Nowhere are the urban legends and mythologies more enduring and destructive than those that currently surround Israel and U.S. foreign policy.
[additional-authors]
September 7, 2012

Nowhere are the urban legends and mythologies more enduring and destructive than those that currently surround Israel and U.S. foreign policy.

Here are five of the most popular myths that are worth unpacking and discrediting.

Myth #1: Obama is Hostile to Israel

Obama’s critics and Romney’s supporters have to get real on this issue. So does Mitt Romney himself who recently declared at the Republican National Convention in Tampa Bay that Obama has “thrown Israel under the bus.”  That’s ridiculous.
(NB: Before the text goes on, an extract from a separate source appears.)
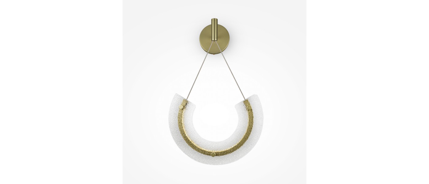 Металлическая арматура в золотом цвете. Декор — фактурное прозрачное стекло. Дизайн, вдохновленный ювелирным искусством Мезоамерики. LED-источник света. Цветовая температура 3000К...
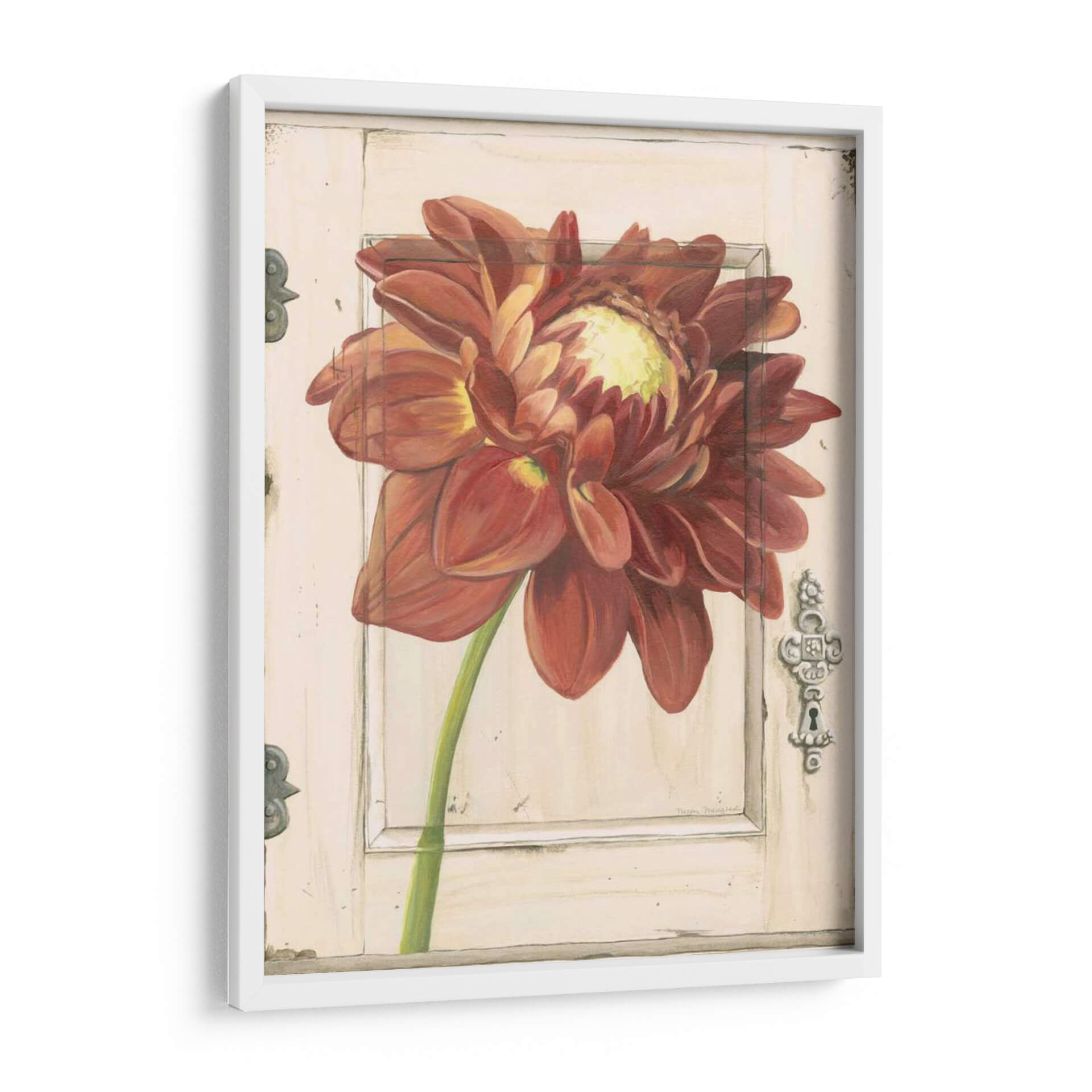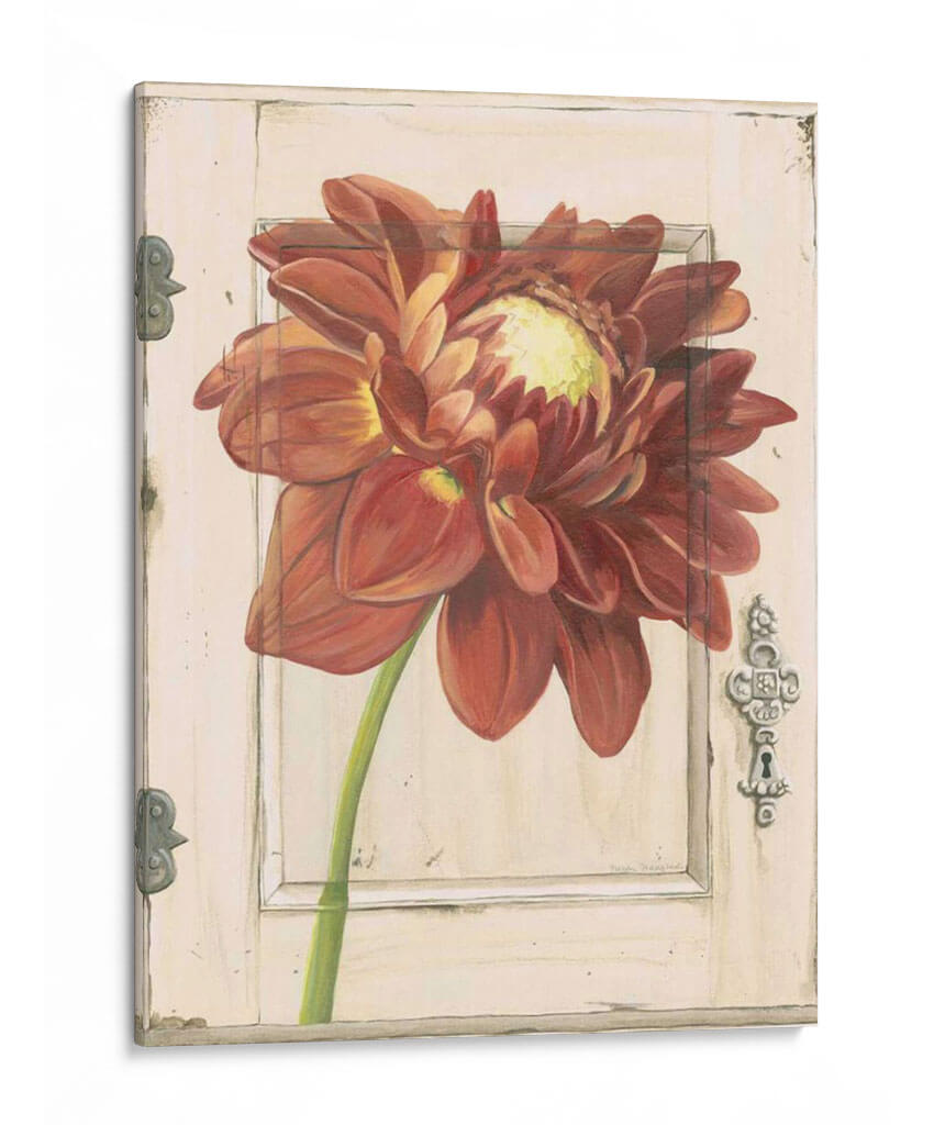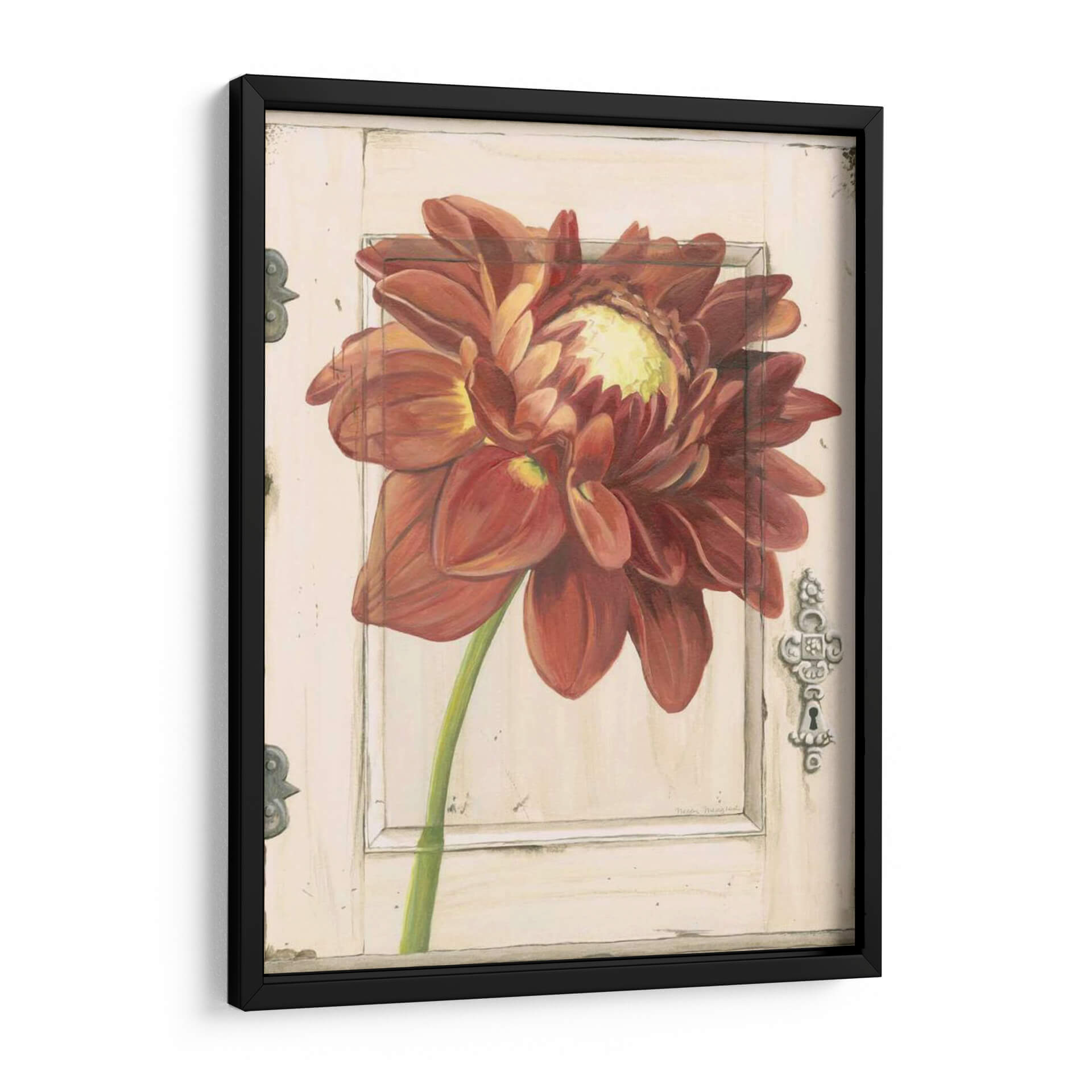 Adéntrate en la belleza atemporal de "Puerta De La Dalia", una obra de arte que captura la esencia de una exuberante dalia en plena floración. Megan Meagher nos presenta una composición delicada donde los tonos rojizos y anaranjados del vibrante pétalo central contrastan sutilmente con el centro amarillento y el tallo verde esmeralda. La flor emerge sobre un fondo texturizado que imita una puerta antigua, con detalles de herrajes que evocan un aire de misterio y nostalgia. Este cuadro decorativo es una invitación a la contemplación, perfecto para añadir un toque de color sofisticado y calidez natural a cualquier espacio. Su estilo realista con toques de pintura clásica lo hace ideal para salones, dormitorios o estudios, aportando una sensación de serenidad y elegancia. "Puerta De La Dalia" no es solo una pieza decorativa, sino una ventana a la belleza efímera de la naturaleza, cuidadosamente elaborada para inspirar y embellecer tu hogar u oficina con su encanto único y su profunda conexión con la flora.

No American president ever has or would.

That the personal relationship between Netanyahu and Obama isn’t good and that Obama lacks an instinctual pro-Israeli sensibility shouldn’t mask the deepening institutional bonds, particularly on the security side, that have occurred during the Obama presidency.

The Administration has delivered to Israel unprecedented levels of foreign military financing – covering roughly one-fifth of Israel’s budget; it has provided the Israelis with advanced technology; deepened counterterrorism cooperation; and equipped the Israelis with sophisticated weapons such as the fifth generation stealth joint strike fighter.  And nowhere has cooperation been closer than on missile defense. The Administration has helped fund Iron Dome, a component of a more comprehensive approach to help the Israelis develop a multidimensional missile defense system including maintaining an advanced U.S. X-band long range radar system and positioning American Aegis BMD ships in the eastern Mediterranean.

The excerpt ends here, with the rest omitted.